Hanging distributed data parallel on interactive example

Anybody can clarify why I keep getting cuda error when using torch.nn.parallel.DistributedDataParallel?

MWE:

if torch.cuda.device_count() > 1:
    torch.distributed.init_process_group(backend='nccl')
    model = torch.nn.parallel.DistributedDataParallel(model).to(device)

executing script:

python -m torch.distributed.launch main.py

Am I using it incorrectly or am I missing something else?

A MWE:

import os
import torch
os.environ['MASTER_ADDR'] = 'localhost'
os.environ['MASTER_PORT'] = '12355'
torch.distributed.init_process_group(backend='nccl', rank=1, world_size=2)

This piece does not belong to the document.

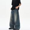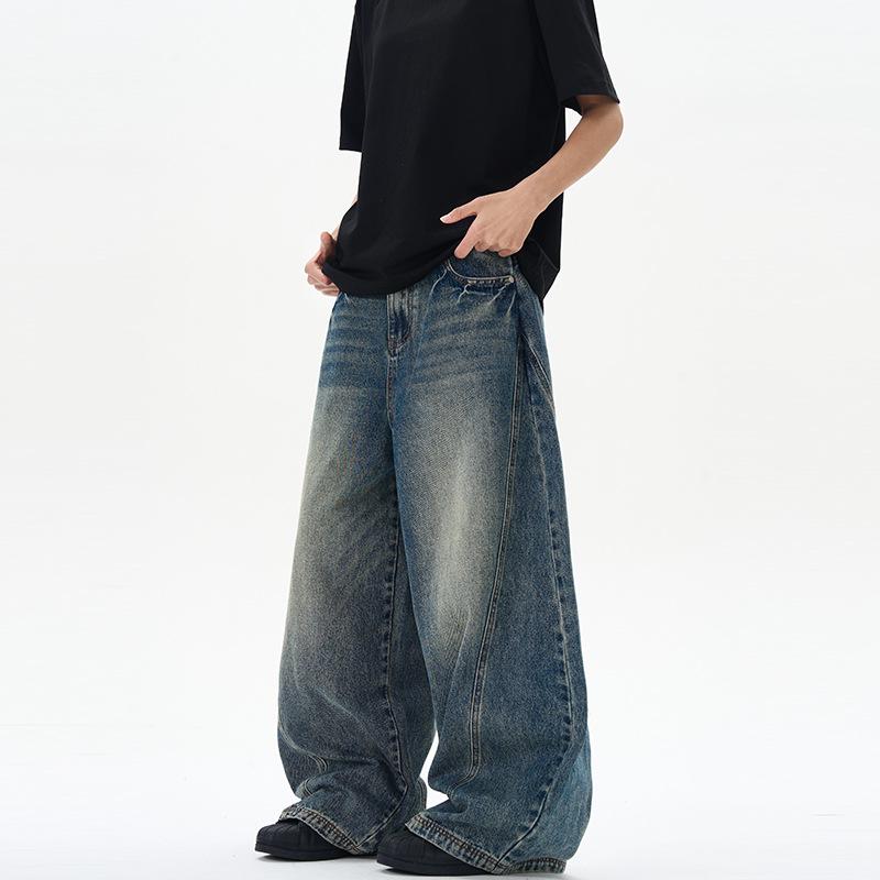 LKTM Unisex Amerykańskie Retro Niebieskie Spodnie Dżinsowe Baggy z Tie-Dye i Zakrzywioną Nogawką

Then the universe hangs completely:

Terminal is not released back to the user. Any ideas why?

You have to use DistributedDataParallel with as many processes as the value of world_size. If you specify rank=1 on a single process, it will hang around waiting for the process with rank=0 to start.

Check out the launch utility for easy launching of multiple processes. You can use it like this:

python -m torch.distributed.launch --nproc_per_node=2 ./my_script.py

Awesome, thanks so much for clarifying that!
If you don’t mind me asking for some additional clarifications?

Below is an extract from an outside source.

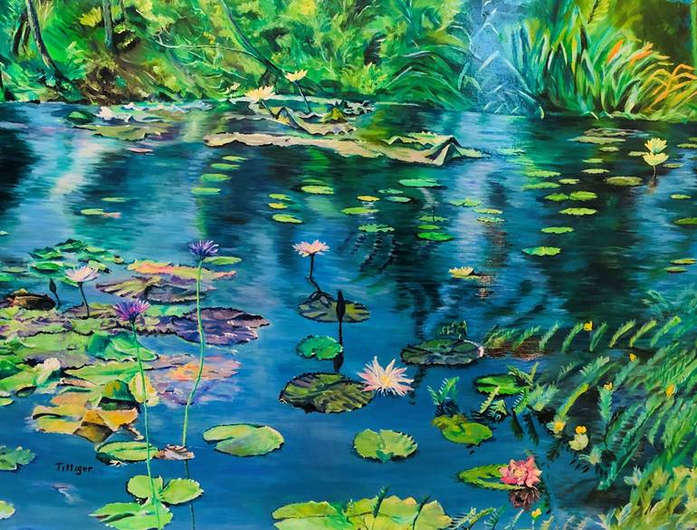 This work was inspired by the beautiful botanical gardens in Naples, Florida. I love the way the colors all work in Harmony together. I hope you feel at piece looking at this painting. I really like working in all mediums, but acrylic has so many different colors and dries very fast. This painting ...

The lauch utility has to be used in combination with DistributedDataParallel right, or can it be used on its own?

Using DistributedDataParallel does it mean that it has to be used in combination with torch.utils.data.distributed.DistributedSampler?

Thanks again!

The correct call for multi-gpu single node is:
world_size = 1 <-- number of nodes
rank=0 <-- which node is running which process